Long Division(74)



“Hold up. You want the cord, right?” she said to the Klansmen. “What’s the use in having the cord if you can’t use the thing? Look.”

Baize plugged the computer up and typed a few things on the screen. “Okay, come here.” Music came from the computer. “Walk right in front of the screen and see what happens.” Baize did something that made the computer screen turn into a TV screen, and whatever was in front of the computer ended up on the screen. The bigger Klansman looked down at the screen and saw himself. “I can show you how to work it,” she said.

Just like before when all the words I typed on the screen were famous, whoever walked in front of the computer looked famous on the screen, too.

The bigger Klansman handed the gun to the smaller one. He walked in front of the computer and started moving his arms like he was an Egyptian. If the past day hadn’t been filled with more craziness than a little bit, this would have been the craziest thing I’d ever seen in my life. Baize knelt down and pushed a button that made these twinkle sounds come from the computer. A voice from the computer whispered, “…1, 2, 3, uh.”

It wasn’t loud overall, but the specific sounds in it were louder than anything I’d ever heard. It really sounded like something from the future. Not the 2000s, either—more like the 3000s. Baize actually stood up and started dancing in front of the computer screen as best she could. You could tell it took a lot for her to actually move because she was getting so weak. She started dancing near me and said, “When I give you the sign, clothesline the big one.”

I said okay and kept watching her dance. I couldn’t believe I was watching her dance on a TV screen with Klansmen in the background and a dead man slumped over a desk with a bloody hole in his back in 1964.

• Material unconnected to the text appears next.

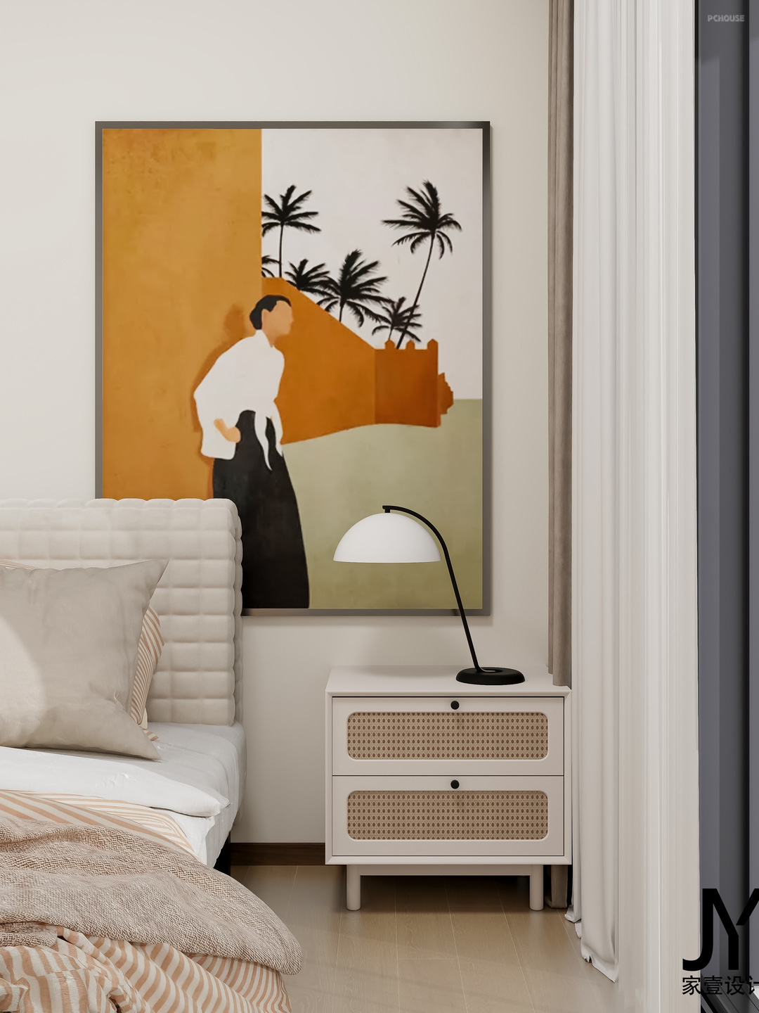 色彩丰满的装置画调节整个主卧的软装氛围,是眼前一亮的点睛处。
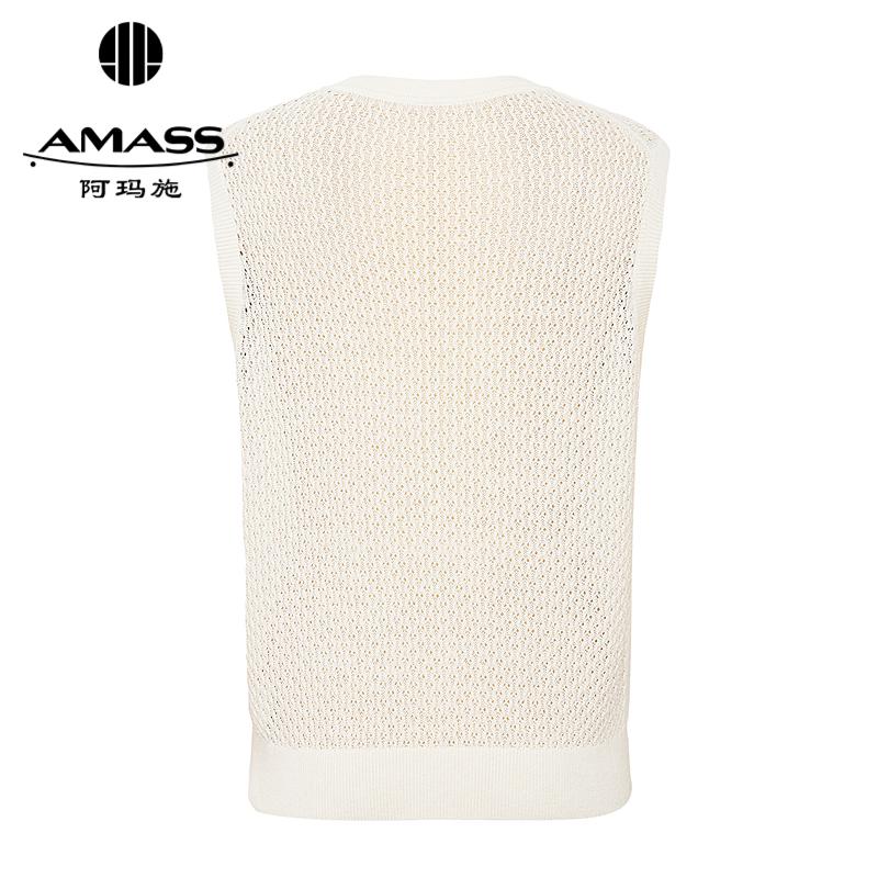 阿玛施AMASS 简约质感镂空圆领无袖针织罩衫538052

After a while, though, Baize had all of us, including the two Klansmen, dancing in front of the screen and trying to move in front of each other to see who could look the most famous. Baize made us form a version of a really tight Soul Train line. Two of us danced on the side and one person jammed in the middle going toward the camera.

I started it off by doing a robot into the Pee-wee Herman, and then I mixed it with a Prince move, where I looked at the camera and licked in between my fingers right in front of the computer.

Then Baize came through trying to do some dance where she acted like she was hammering really fast with her whole body. She was so sick and so weak, though, that it looked like she was doing it in slow motion. Her nose was bleeding a little bit the whole time, too. She broke the hammering thing off into some hard locking, too. Boom! Bam! Lock! Lock! Then she acted like she was riding a bike side to side, and she ended it doing this dance I saw Doug E. Fresh do.

Next came Shalaya Crump, who tried to do a back glide into a moonwalk and a Michael Jackson spin, and then she got right up on the camera and started prepping. She put both hands in the air and worked them back and forth in sync with her long neck. Those other years didn’t have nothing on 1985.

Finally, the bigger Klansman stood in the middle. He asked for the rifle back from the smaller one and just stood there posing, with his hands folded up like he was on top of a mountain. At this point, the voice in the song started chanting something about a Polaroid picture: “Shake it…” The bigger Klansman didn’t move at all until he handed the rifle back off to the smaller Klansman and broke down into this mean twist, super close to the ground. When he was right up on the computer checking himself out, the dude copied Baize and did the Doug E. Fresh dance, too.

I kept looking at Baize for the sign, but I didn’t know what the sign looked like. Then she looked at me and raised her eyebrows a little bit.

Out of nowhere the smaller Klansman swung the butt of the rifle like a baseball bat and hit the bigger Klansman right upside of the head.

He went down, and a small box of matches fell out from under his sheet as he knocked over the computer as he fell. I picked up the box of matches, jumped on the man, and grabbed him by his neck. While I held him down, Baize was kicking him as hard as she could in the privacy while the song was still playing. His eyes kept blinking as the white of his sheet turned liquid maroon right below the left eye hole.

It looked like magic.

Standing above us were Shalaya Crump and the smaller Klansman. He dropped the rifle and both of them looked at it.

“Take the rifle, Shalaya. What you doing? Pick it up.”

She finally took it.

“Shoot him.”

She looked down at me. “Just shoot that asshole somewhere!” It was the first time I’d used “asshole” around a girl.

Shalaya Crump tossed the rifle back down and took the sheet off of the smaller Klansman.

“Oh. My. God,” I said to Baize. The smaller Klansman under the sheet wasn’t a man at all. “Jewish Evan Altshuler?”


The room was silent, except for more music that came from Baize’s computer and her constant coughing. Evan and Shalaya Crump stood in the middle of the room touching fingertips while Baize and I managed to tie the hands of the bigger Klansman with this cheap-looking black belt that she had in her backpack.

Shalaya Crump saw me watching her so she pulled her hand away from Evan’s. I didn’t know where to throw my eyes, so I threw them at the tied hands of the Klansman. His hands were so small for his size. They couldn’t have been much bigger than Baize’s hands. And you know how grown white men have a lot of hair on the outside of their hands? This Klansman’s hands were bare as mine.